> [YOUR ASSIGNMENT] Please transcribe exactly the lines from the first line of the records below through the line containing "Conjunto de anillo, colgante", including both, and omit all pictures.

> [Data entries]
- Opening Delimiter -

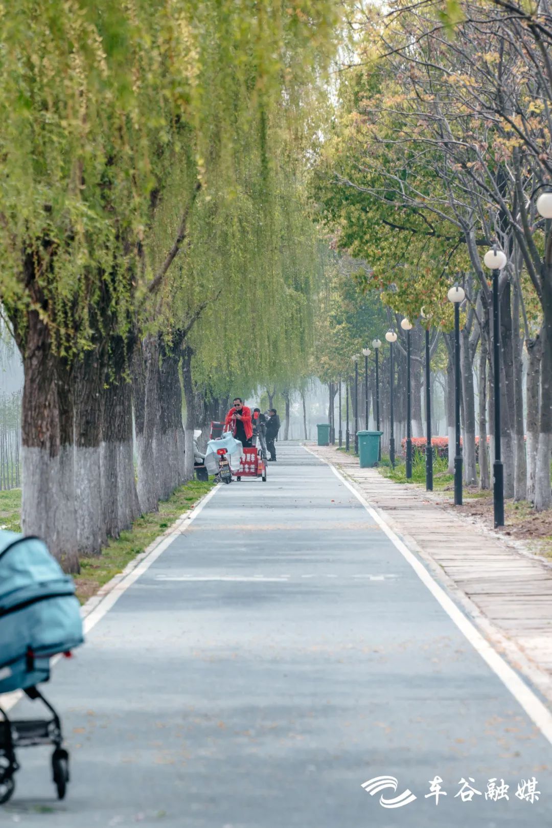 河岸绿意盎然、水汽茵茵,绿道依河蜿蜒,西岸延伸了10公里左右,从绿地城协子河南岛直至碧桂园学校桥。
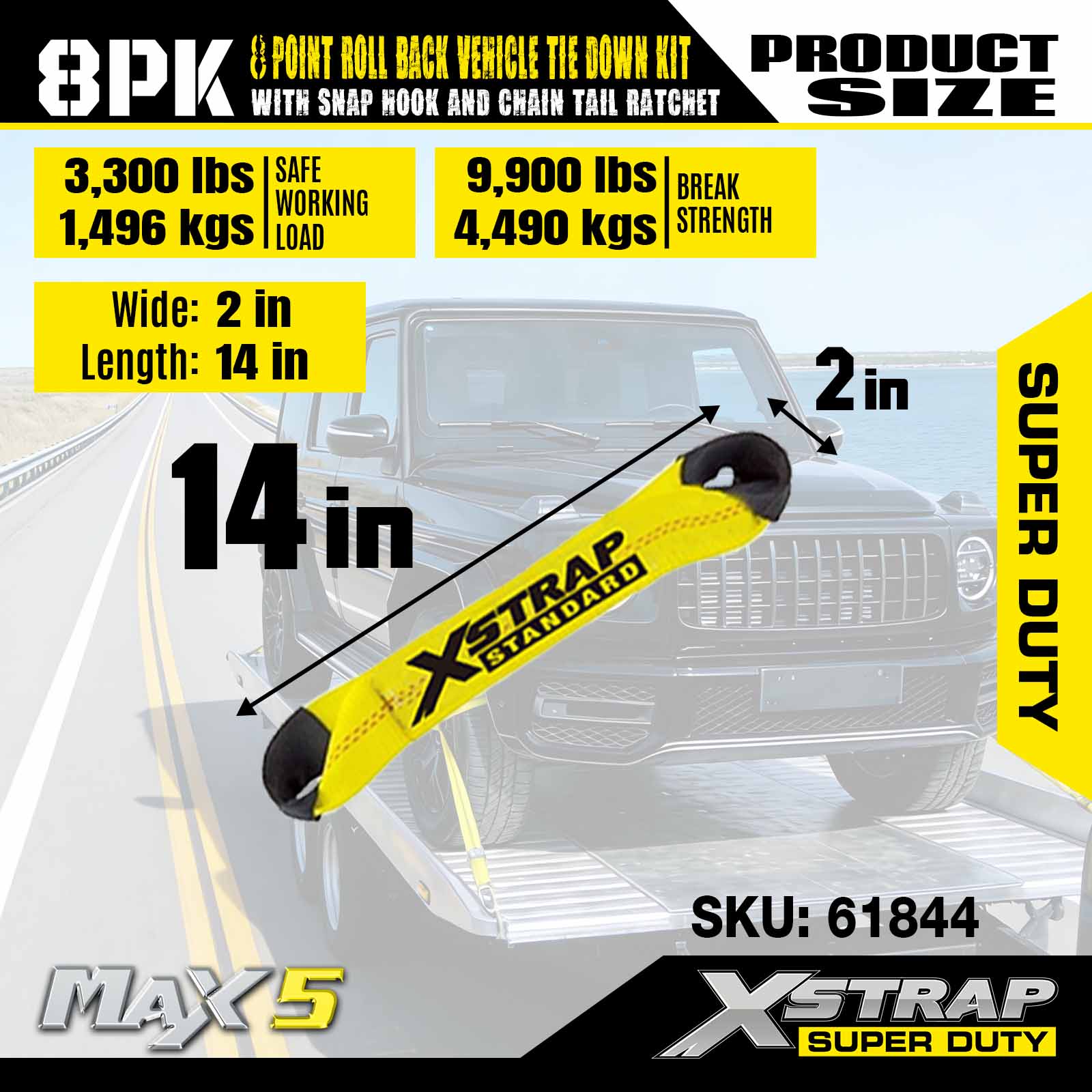 - An toàn và tuân thủ - Những dây đai lốp này được thiết kế để kéo bất kỳ phương tiện nào trên xe moóc phẳng hoặc xe phá hủy xe lăn và chúng cho phép phương tiện di chuyển trên hệ thống treo riêng, loại bỏ hiện tượng truyền sốc. Bạn có thể dễ dàng cố định xe để vận chuyển khi đứng trên mặt đất để tăng thêm sự an toàn. Mỗi cụm có tải trọng làm việc an toàn là 3.300 lbs.
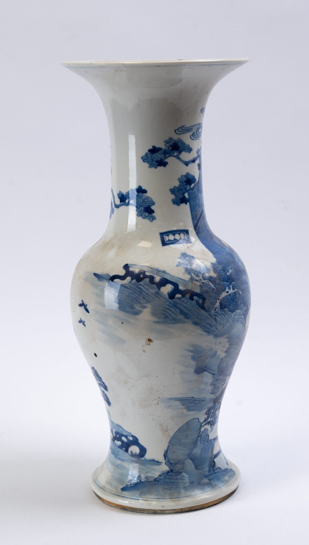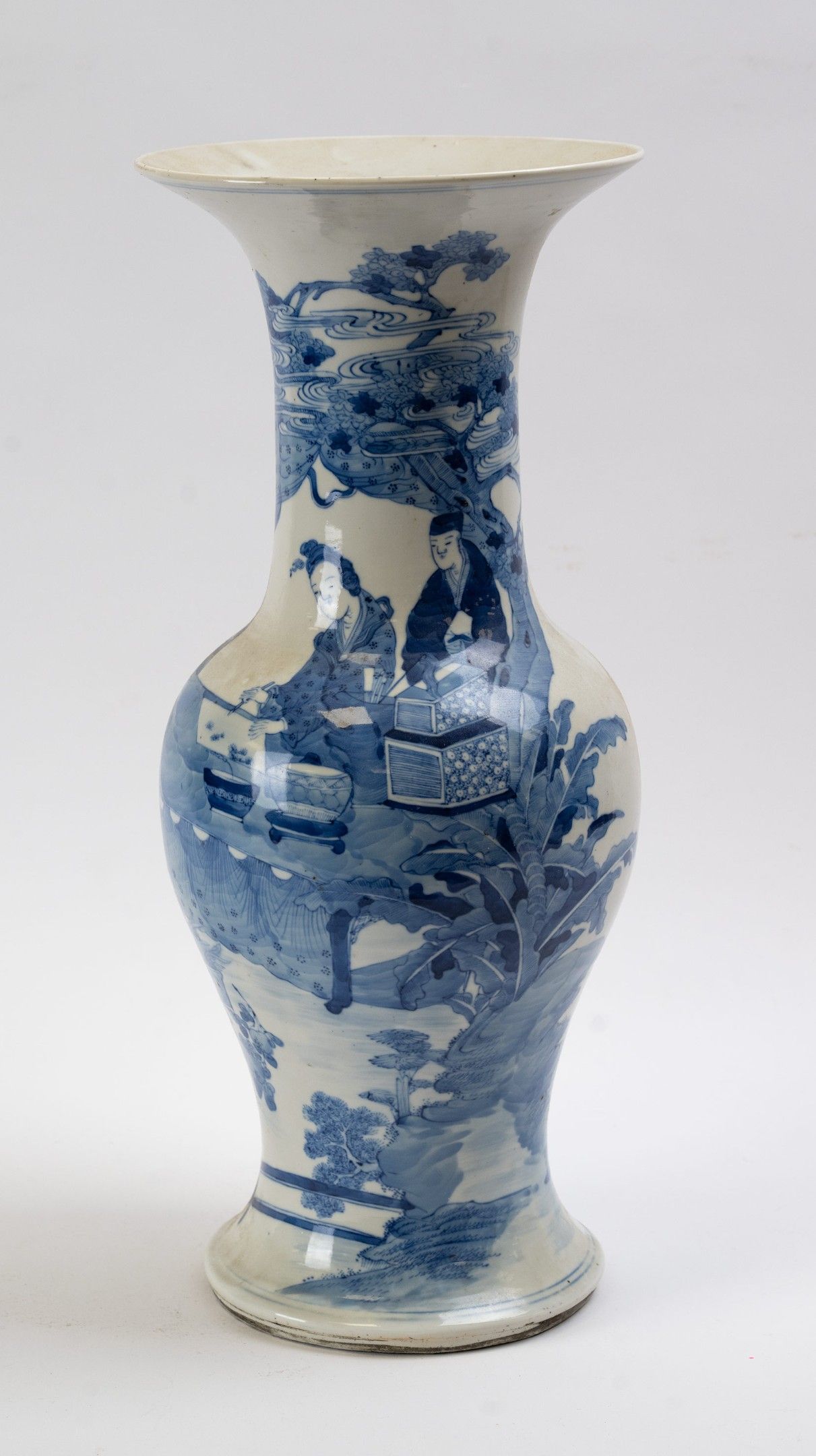 A "yenyen" shaped porcelain vase with a curved base, swollen shoulder and long neck flared at the opening, decorated in blue and white with three figures in a shrubby landscape.
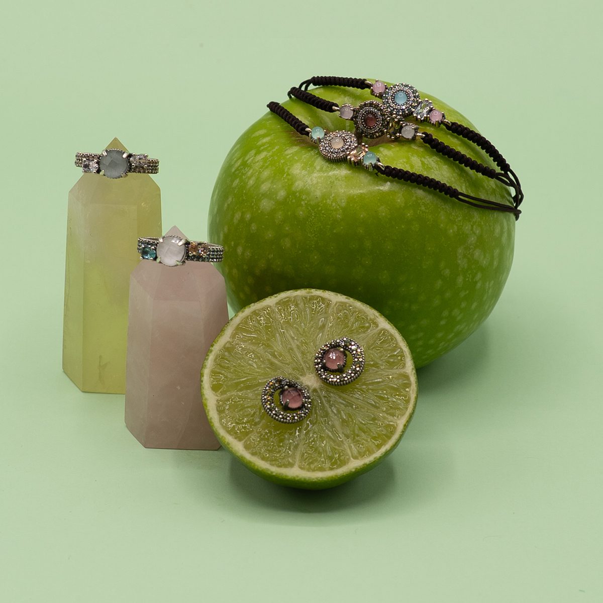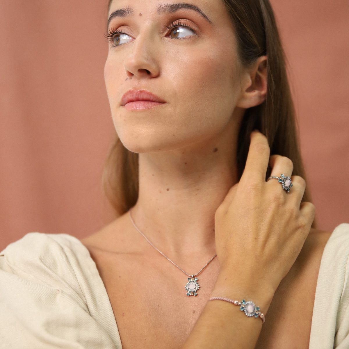 Conjunto de anillo, colgante y pulsera de plata de ley 925 y circonitas, en 2 combinaciones a elegir: cuarzo rosa o turmalina.
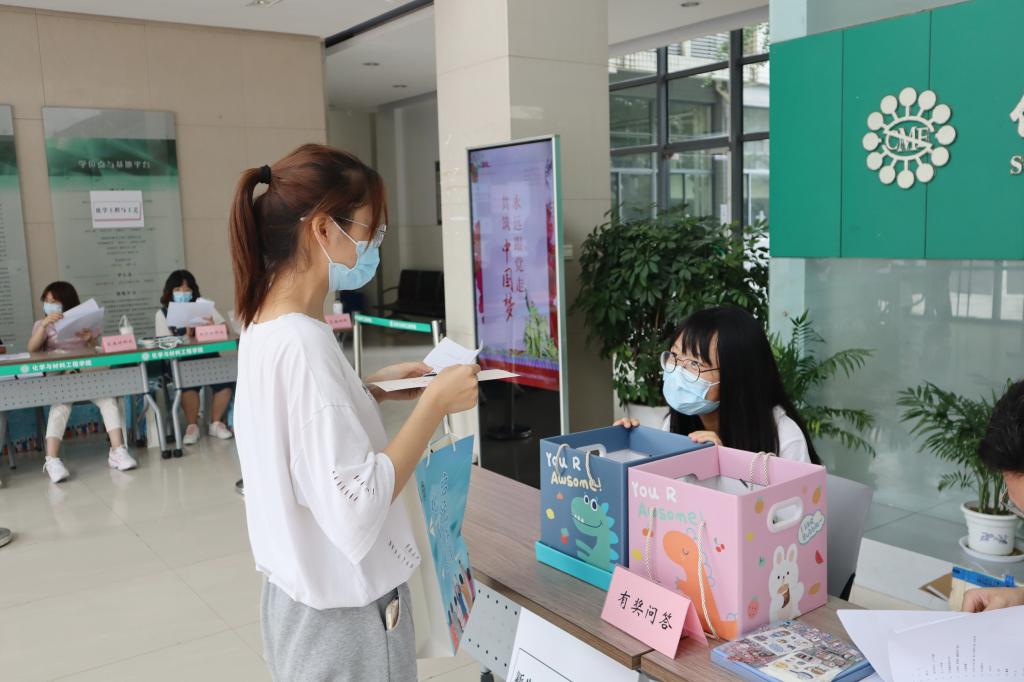 始建于哪一年?”“干粉灭火器适用于哪里?”……学院在迎新现场特别设置了新生“有奖问答”环节,问答题目结合前期对新生开展的各类线上入学教育内容,包含各类校情院情、党史知识、实验室安全教育等等,负责迎新的老生与新生在现场一问一答,在互动答题中共促成长。此外,学院还贴心地为新生准备了印有迎新元素的手提袋,让新生带着学院的“专属手提袋”,满载着关爱迎接新学期。
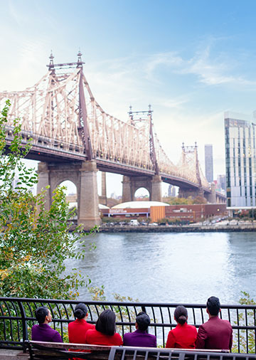 The Air India crew sit at Sutton Place Park (Underneath Queensboro Bridge)
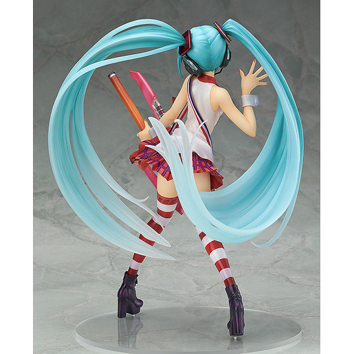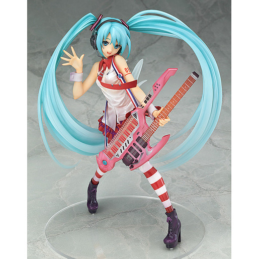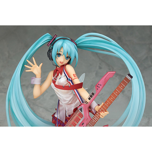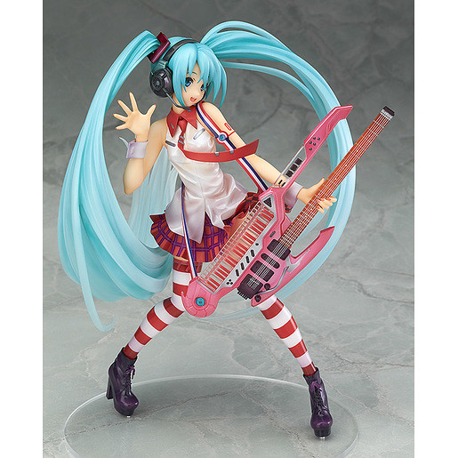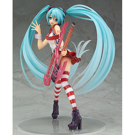 超人氣美少女初音未來(初音ミク)是電腦世代文化所產生的虛擬角色人物,特別由貞本義行老師所繪製的初音未來此次拿著有特殊造型的電吉他,並且穿著紅白條紋配色的襪子更顯得十分搶眼,立體商品化也將老師所繪製初音雙馬尾的空氣飄動感完整製作出來,特典收錄有A3尺寸的掛毯,將會於GOODSMILE ONLINESHOP線上商店於2015年9月3日至30日的期間接受對其有興趣的玩具人的訂購,喜歡《初音未來》的玩具人千萬別錯過囉!
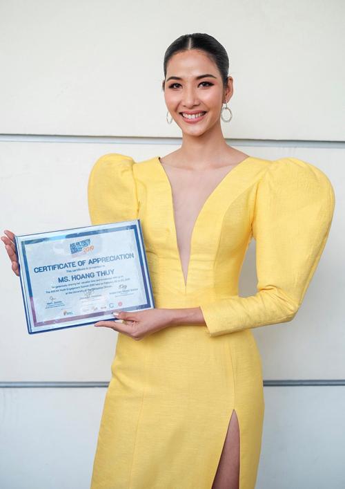 Á hậu Hoàn vũ Hoàng Thùy tham gia sự kiện ở Philippines với bộ cánh màu vàng nổi bật, tôn lên làn da rám nắng. Tuy nhiên kiểu dáng với phần tay bồng to của nó lại gây tranh cãi. Bộ đầm như "nuốt chửng" thân hình mảnh mai của Hoàng Thùy. Kết hợp cùng kiểu tóc và cách trang điểm nhợt nhạt, Á hậu có phần kém sắc hơn thường lệ.

- Closing Delimiter -

> [SOLUTION FOR THIS PROBLEM]
 河岸绿意盎然、水汽茵茵,绿道依河蜿蜒,西岸延伸了10公里左右,从绿地城协子河南岛直至碧桂园学校桥。
 - An toàn và tuân thủ - Những dây đai lốp này được thiết kế để kéo bất kỳ phương tiện nào trên xe moóc phẳng hoặc xe phá hủy xe lăn và chúng cho phép phương tiện di chuyển trên hệ thống treo riêng, loại bỏ hiện tượng truyền sốc. Bạn có thể dễ dàng cố định xe để vận chuyển khi đứng trên mặt đất để tăng thêm sự an toàn. Mỗi cụm có tải trọng làm việc an toàn là 3.300 lbs.
 A "yenyen" shaped porcelain vase with a curved base, swollen shoulder and long neck flared at the opening, decorated in blue and white with three figures in a shrubby landscape.
 Conjunto de anillo, colgante y pulsera de plata de ley 925 y circonitas, en 2 combinaciones a elegir: cuarzo rosa o turmalina.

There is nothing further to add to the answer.